As Adam Rosenfeld points out, you need to use the linker control file to define one or more symbols for you that is located at the precisely correct place.
For gcc and binutils, you will be using ld's linker script syntax. Refer to ld's manual for all the details I'm leaving out here. It is a tad opaque, but you should spend some time with it if you are going to spend any significant amount of effort in the embedded world. It will pay off for you.
In the linker script, you want to define a symbol before your .text segment, and one after.
Adam mentions the PROVIDE()
syntax, which will work. But you may not need to wrap the definition in PROVIDE if you can guarantee that your name is unique. Note that this is a guarantee that you must be able to make, or you risk a lot of confusion later.
In my script, I just use something like:
__SDRAM_CS1 = 0x10000000;
to define the symbol with a constant address that refers (in this case) to the location we decided that the SDRAM controller will map the SDRAM memory, and in C I declare it like:
extern unsigned char __SDRAM_CS1[];
so that it can be used in code that needs to know where the SDRAM actually is.

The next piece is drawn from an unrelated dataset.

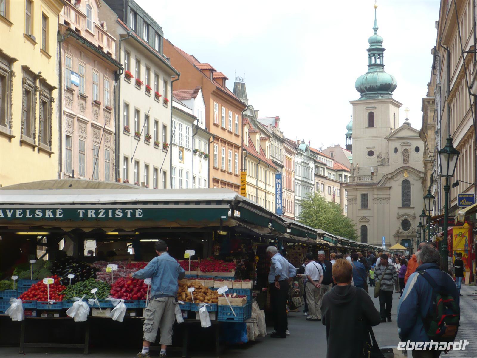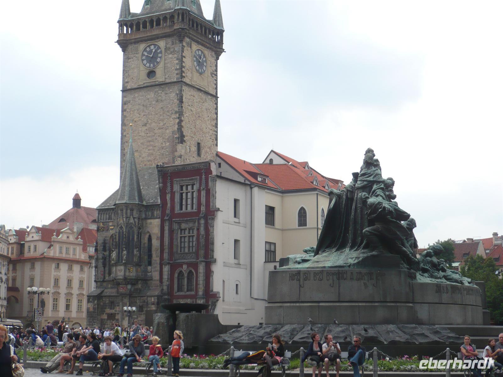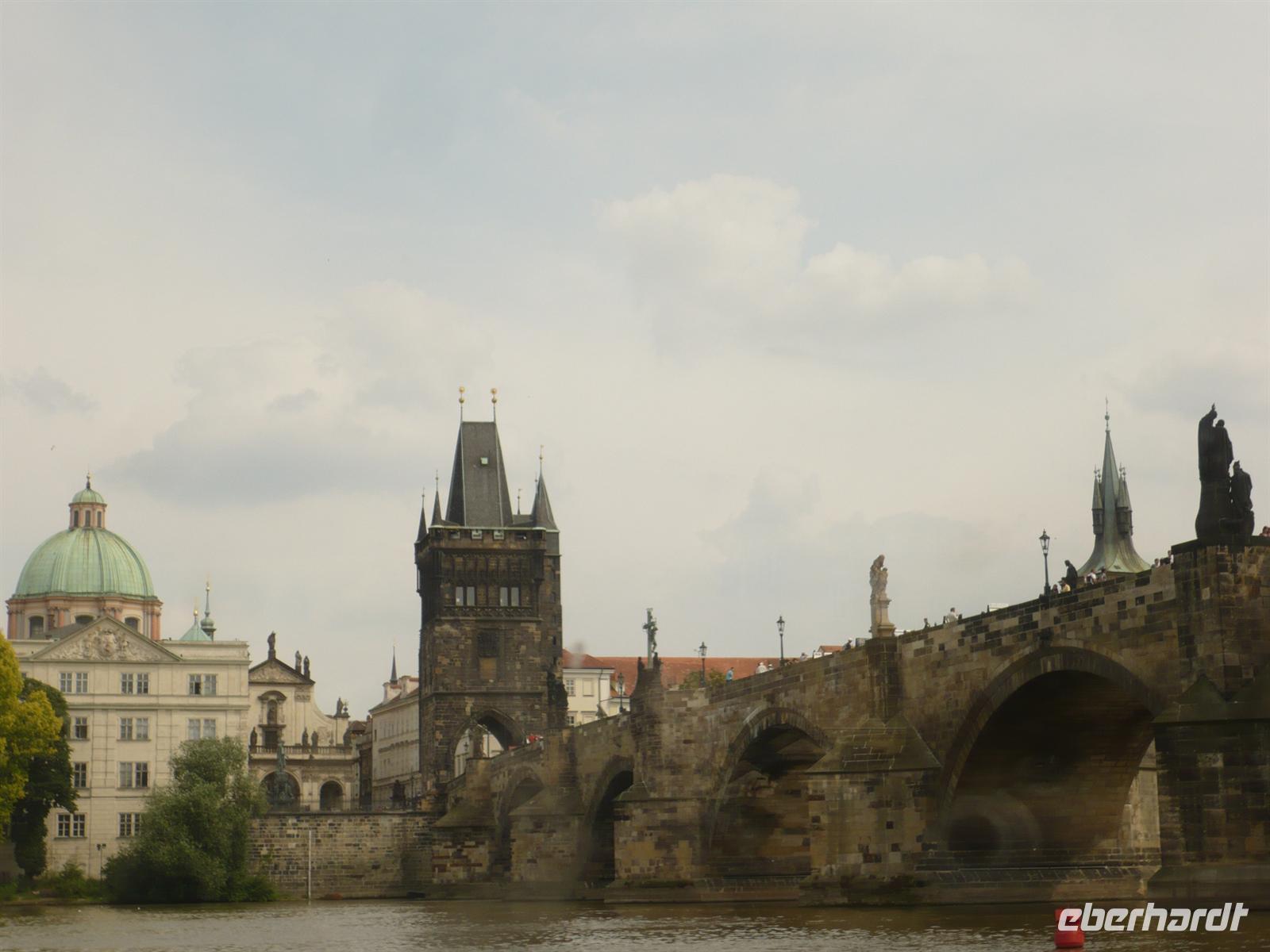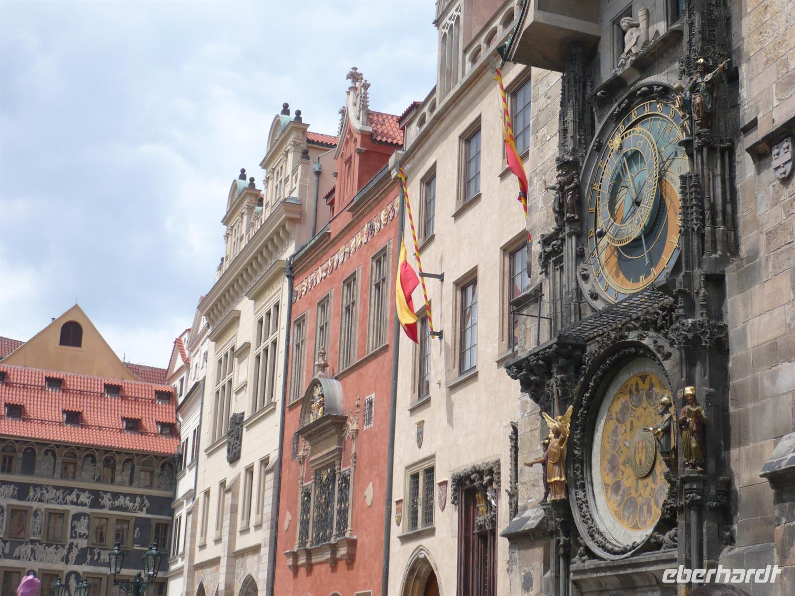 1. Tag AnreiseVoller Vorfreude fuhren wir, eine familiäre Gruppe von 24 Eberhardt Gästen, in die "Goldene Stadt" Prag. Bereits auf der Fahrt gab es Einiges zu sehen, wir fuhren vorbei an dem herrlichem Altstadtpanorama der Landeshauptstadt Dresden, über das idyllische Bad Gottleubatal nach Böhmen. In Prag angekommen erhaschten wir schon die ersten schönen Blicke über die Moldau und auf einige der prägendsten Sehenswürdigkeiten der Stadt. Vorbei am Bahnhof, dem Nationalmuseum und dem Reiterdenkmal des Heiligen Wenzels auf dem Wenzelsplatz, erreichten wir unser zentrales Hotel. Nach dem Bezug der Zimmer, erkundeten wir gemeinsam die Stadt. Ein ganz besonderes Ausflugsziel sollte der Petrin, der Laurenziberg, werden. Mit der historischen Drahtseilbahn fuhren wir auf dem Stadtberg, auf dem der Prager „Eiffelturm“ über der Stadt ragt. Am Abend liefen wir gemeinsam zur berühmtesten und einer der ältesten Prager Bierstuben, dem "U Fleku". Hier wurden wir auf ganz böhmische Art verköstigt: deftige Knoblauchsuppe, schmackhafter Schweinebraten mit Knödel und Apfelkuchen. Das Hausbier der Brauerei durfte natürlich auch nicht fehlen.2. Tag AltstadtNach einem vitalen Frühstück wurden wir von unserer Reiseleiterin Jana empfangen. Gemeinsam spazierten wir durch Passagen im Stil der 30er Jahre hin zum bunten, mit Rosen übersäten Franziskaner Garten. In der Maria-Schnee-Kirche, bestaunten wir den höchsten Böhmischen Altar. Über den Platz auf dem das Geburtshaus von Franz Kafka steht, liefen wir zum Gemüsemarkt. Hier wird schon seit Jahrhunderten frisches Obst und Gemüse verkauft. Heute findet man hier auch die leckeren Oblaten und andere Mitbringsel für die Lieben Zuhause. Über den Gemeindeplatz, welcher vom Gemeindehaus und dem Pulverturm geschmückt wird, liefen wir durch die Gassen zum Altstädter Ring. Hier hatten wir mehr als eine Stunde um unsere Füße auszuruhen, zu Mittag zu essen oder einfach das bunte Getümmel zu beobachten. Nach einer ausgiebigen Mittagspause spazierten wir weiter zur imposanten Karlsbrücke. Eine der schönsten Brücken Europas erstreckt sich vor dem königlichen Hradschin über die Moldau, ein beeindruckendes Bild das kein Pragbesucher vergessen wird. Unser Spaziergang endete an den Landungsbrücken, wo wir die Besichtigung Prag zu Wasser weiterführten. Auf dem eigens für unsere Gruppe angemieteten Moldauschiff sahen wir die Stadt aus einer anderen Perspektive. Am Abend suchten wir in einer kleinen Gruppe eine urige Prager Bierstube auf.3. Tag Hradschin

For a symbol locating the end of the .text segment, you would have something like the following in the linker script
SECTIONS
{
...
.text {
_start_text = .;
*(.text);
...
_end_text = .;
}
...
}
and declare the start and end symbols as
extern unsigned char _start_text[];
extern unsigned char _end_text[];
in C. Then, the start address is simply _start_text
, and the length in bytes of the text segment is _end_text - _start_text
.
Note that I've left out a lot of detail. You probably have sections named things other than .text that must be treated as if they were in the text segment. A prime example is read-only data which often can be located in the text segment safely because it is known to be const
and in an embedded system you'd rather not copy it to valuable RAM if you don't have to. Also, initializers for the data segment, and the internally generated lists of constructors of global objects all get located near the text segment.
Whether you include such things in your image size is a design decision that you need to make after understanding what they are used for.